# Wondering what model year my HS621 is



## TheFanMan (Oct 10, 2017)

Hey everyone, as the title says, i'm curious what the model year of my HS621 is. When i bought it i remember looking through this forum and found other people with the same question, based on the answers i assumed that my 621 _might_ be a 1992 model year... but not really sure. It doesn't have the reinforced auger, and it also has a removable keyed ignition instead of a switch. Thanks to everyone for your input.


----------



## FLSTN (Sep 19, 2014)

Call Honda in Georgia at 770 497-6400. Ask them to run your serial number. They can tell you what dealer it was sold to and when. Also, any warranty work.
The 621's with electric start had the removable key. The non elec start ones had the lever you would turn.


----------



## [email protected] (Nov 21, 2011)

TheFanMan said:


> Hey everyone, as the title says, i'm curious what the model year of my HS621 is.


So Honda snow blowers don't have 'model years' like cars, trucks, motorcycles, etc. Instead, Honda uses a version code called a K-number that changes when there are changes to the product. The very first production is known as K0, which is what all HS621 sold in the USA are. 

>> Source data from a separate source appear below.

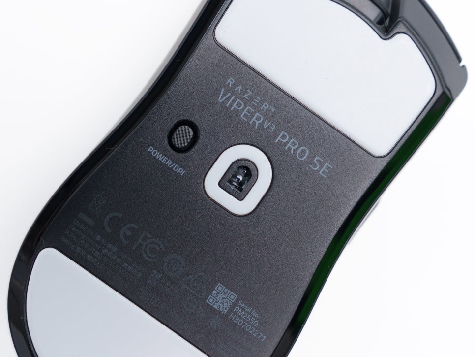 The bottom features power and DPI change buttons, and notably, the mouse feet are quite large. Unlike previous models, they now cover almost half the area, which significantly smoothed out movements, including sliding. Made from 100% PTFE material, these are the largest feet in Razer’s product line, offering an exceptionally smooth glide across mouse pads.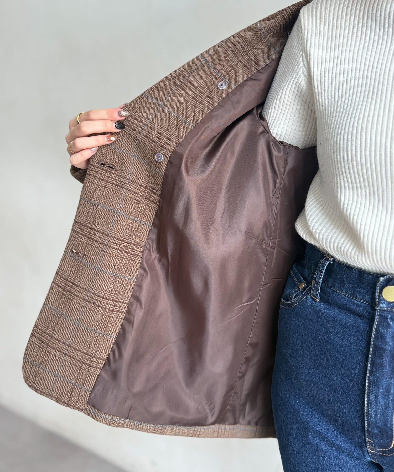 剪裁合體的夾克,金色紐扣增添女性魅力。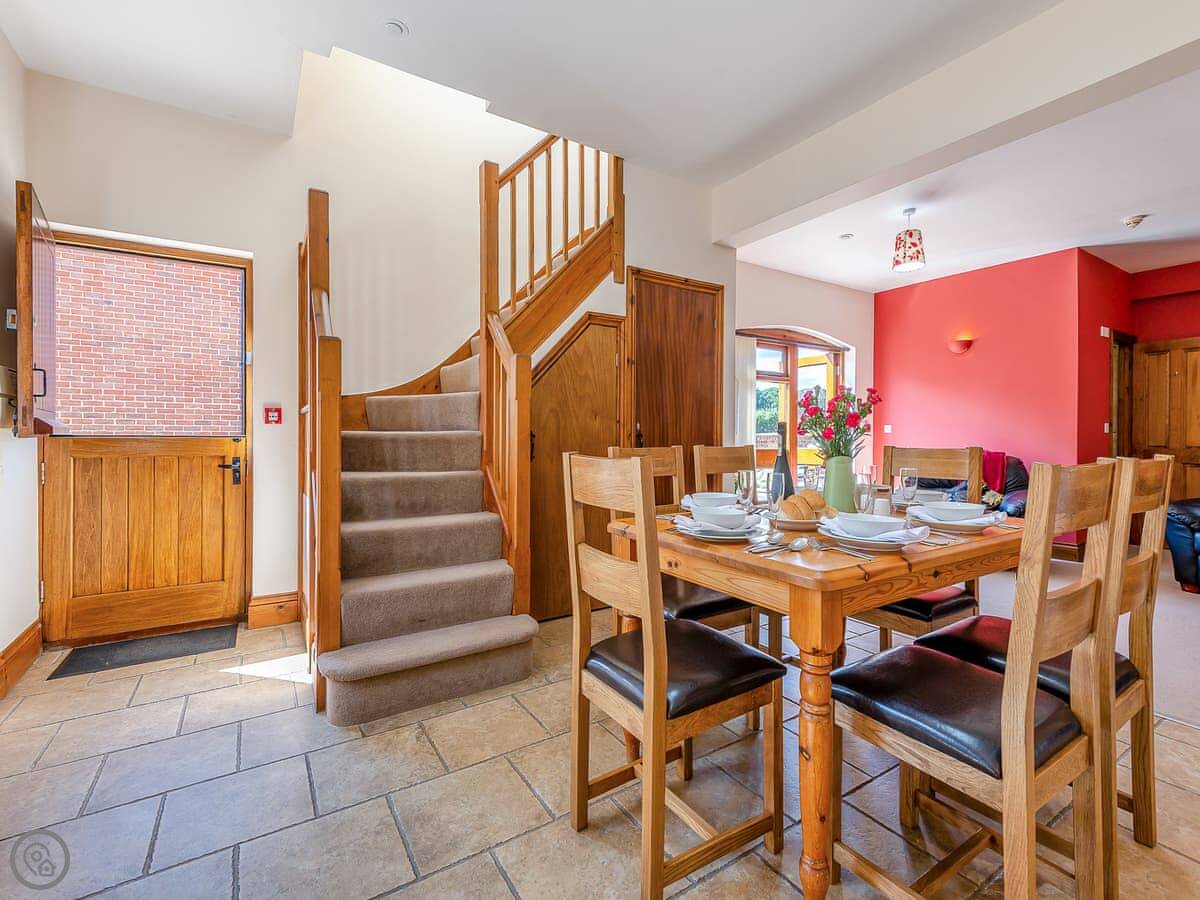 It's quiet here. You look out over fields. For a walk from the door, you can follow the farm tracks. For something bigger, the National Trust has several places nearby. We're about half an hour from the coast.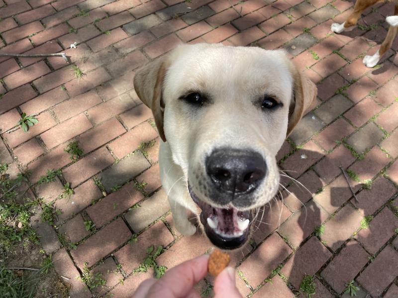 All the dogs enjoyed these treats! (a senior boxer hound mix about 75 pounds, a ~3 years old super mix 65 pounds, and their friend a eight month old lab). They were not a ‘come directly back when there is a varmint in the yard’ good, but all of them seemed happy to sit and do other basic commands for this treat. They seemed like a good quality as well and they must smell good to the dogs because there was a lot of sniffing! My main difficulty- and I think this is true with all freeze dried treats - is they do not cut and crumble very easily. These will be an at home treat because they just don’t travel well. I do a lot of training with the dogs so I tend to give them very small pieces of treat which was difficult with these. The bars will break easily but then it’s 50-50 whether it’s a clean break or crumble. This is the main reason for the four stars.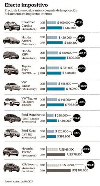 La suba de precios responde, principalmente, al aumento en los impuestos internos, cuya alícuota se fijó en 30% para los autos con un precio de fábrica de entre $ 170.000 y 210.000, y en 50% para los modelos con un precio mayor a $ 210.000. De allí que el impacto no se limita a las camionetas, sino que también alcanza a algunos automóviles de marcas que no están entre las más costosas del mercado. El Passat de Volkswagen, en su versión TSi Luxury (que no es la más cara), costaba el año pasado $ 456.000 y ahora cuesta $ 760.900, lo que implica una suba de 67 por ciento. El Honda Accord en su versión automática 2.4 subió 53,2%, de 450.000 a 689.300 pesos, y, en un rango de precios más bajos, el Ford Mondeo Titanium con caja automática pasó de 290.000 a 430.000 pesos.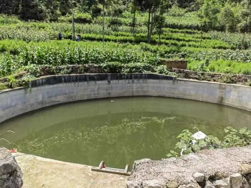 平安扶贫办工作人员根据该处特殊地貌和老乡们描述的历次受灾情况,在确保一定冗余空间的基础上,制定了“三面光”解决方案。“这条大约400米长度的引水渠前后花了不到40天就完工了,现在从山上四处流下的雨水都会汇聚在水渠中,收集到不远处的储水窖。”吴支书介绍道。今年6月中旬,笔者来到新安村,站在水渠旁,看到水渠底部、渠壁两侧皆是平整的水泥抹面,与水渠隔着一条乡间小道的圆柱形蓄水池,在当地去冬今春持续特旱的情况下,还蓄着接近三分之二的水。吴支书自豪地介绍:目前的蓄水完全可以足够保障附近土地灌溉、牲畜饮水,邻村的人都羡慕我们。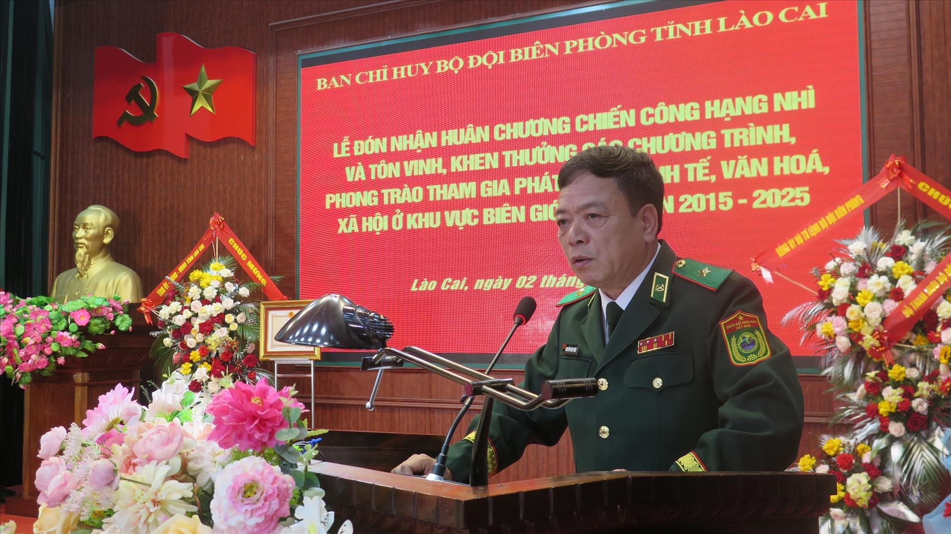 Phó Chủ tịch UBND tỉnh Lào Cai Nguyễn Thành Sinh biểu dương và chúc mừng những kết quả mà lực lượng Bộ đội Biên phòng tỉnh Lào Cai đạt được trong 10 năm qua đồng thời đề nghị đơn vị cần tiếp tục gắn nhiệm vụ phát triển kinh tế - xã hội với củng cố quốc phòng, an ninh và đối ngoại Biên phòng; lấy ổn định an ninh, trật tự làm nền tảng cho phát triển, thông qua phát triển kinh tế - xã hội để tăng cường tiềm lực quốc phòng, an ninh, xây dựng thế trận lòng dân vững chắc.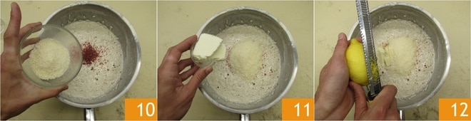 Geben Sie auch den geriebenen Grana 10, die Butter 11 und die geriebene Zitronenschale 12 hinzu.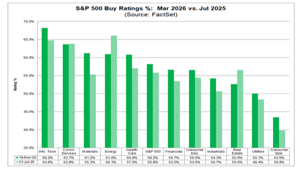 This is illustrative of the unique environment we are currently in. That is, there's a combination of fundamental earnings growth and Q1 price contraction. It’s illustrated in the fact that buy ratings have fallen to 55.8% at the end of July 2025, while having increased to 58.2% today. Importantly, this confidence has been broad in nature as eight of the 11 sectors have seen an increase in their percentage of buy ratings during this period.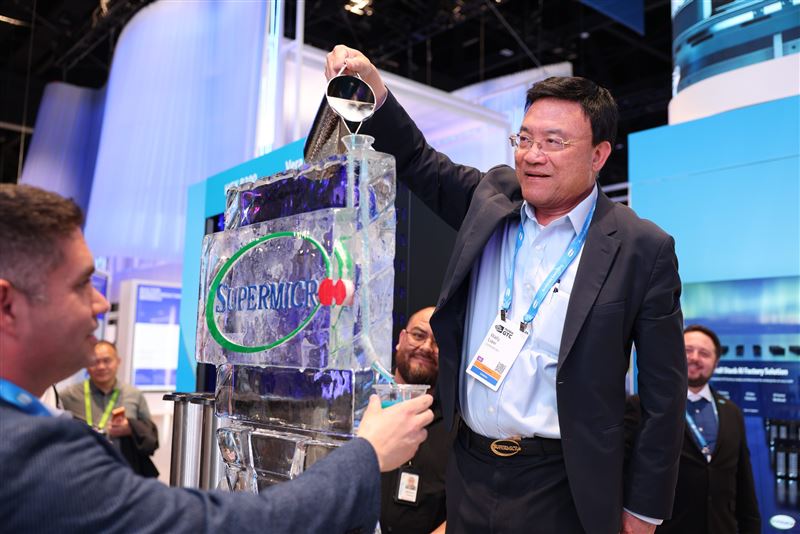 另一张照片中的廖益贤(Yih-Shyan “Wally” Liaw),正展示着美超微傲视业界的液冷解决方案。 他满脸笑容,一手持着银色水壶,优雅地将冷却液注入刻有“SUPERMICRO”Logo的巨大冰雕中。 这场充满仪式感的“液冷秀”,本意是强调散热效能与AI算力的结合,廖益贤甚至系着刻有公司名号的金属腰带,尽显自豪。 然而,这般风光在下一个瞬间,却成了最讽刺的定格----冷却液能帮服务器降温,却降不了美国司法部的执法怒火。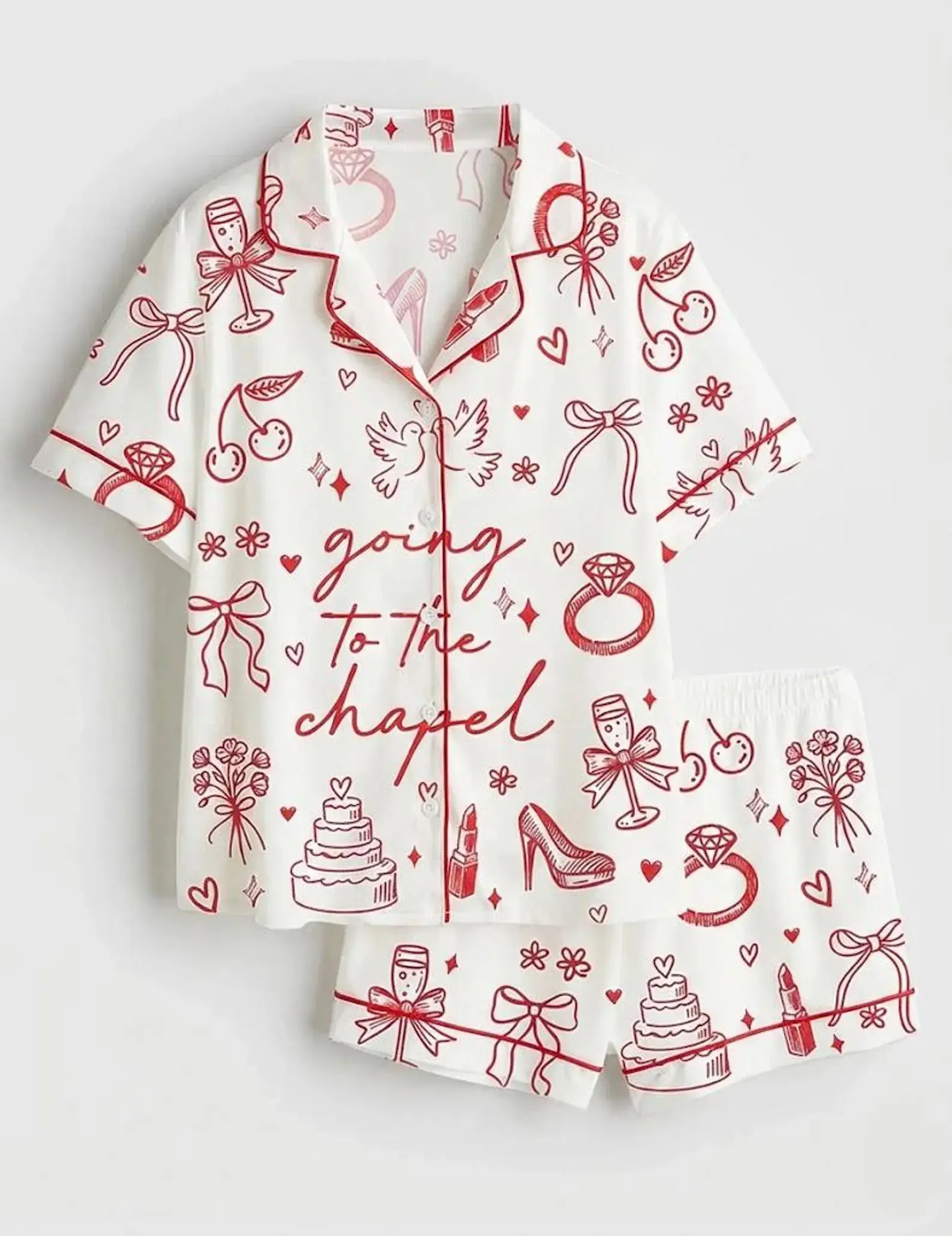 Going To The Chapel Satin Short Pajama Set, Gonna Get Married Coquette Wedding Bride Short Pajamas, Matching Family Sleepwear Set, Pajama Set For Men Women Kids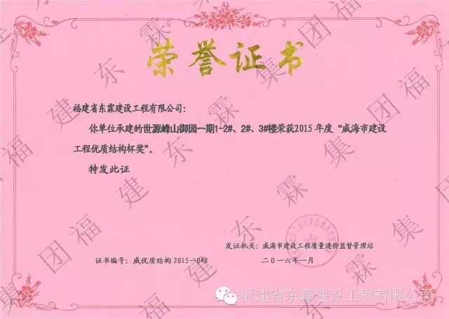 世源峰山御园一期1-2#、2#、3#楼工程被威海市建设工程质量造价监督管理站评为2015年度“威海市建设工程优质结构杯奖”

Drop me a PM with the serial number and I can probably get you dates it was wholesaled and then retailed. FYI, never any recalls on this model, so no worries there.

*Hey, 800 posts!*


----------



## TheFanMan (Oct 10, 2017)

FLSTN said:


> The 621's with electric start had the removable key. The non elec start ones had the lever you would turn.


 Really... can't believe i never noticed this. Thanks for that bit of information, also thank you for the #, i appreciate it.


----------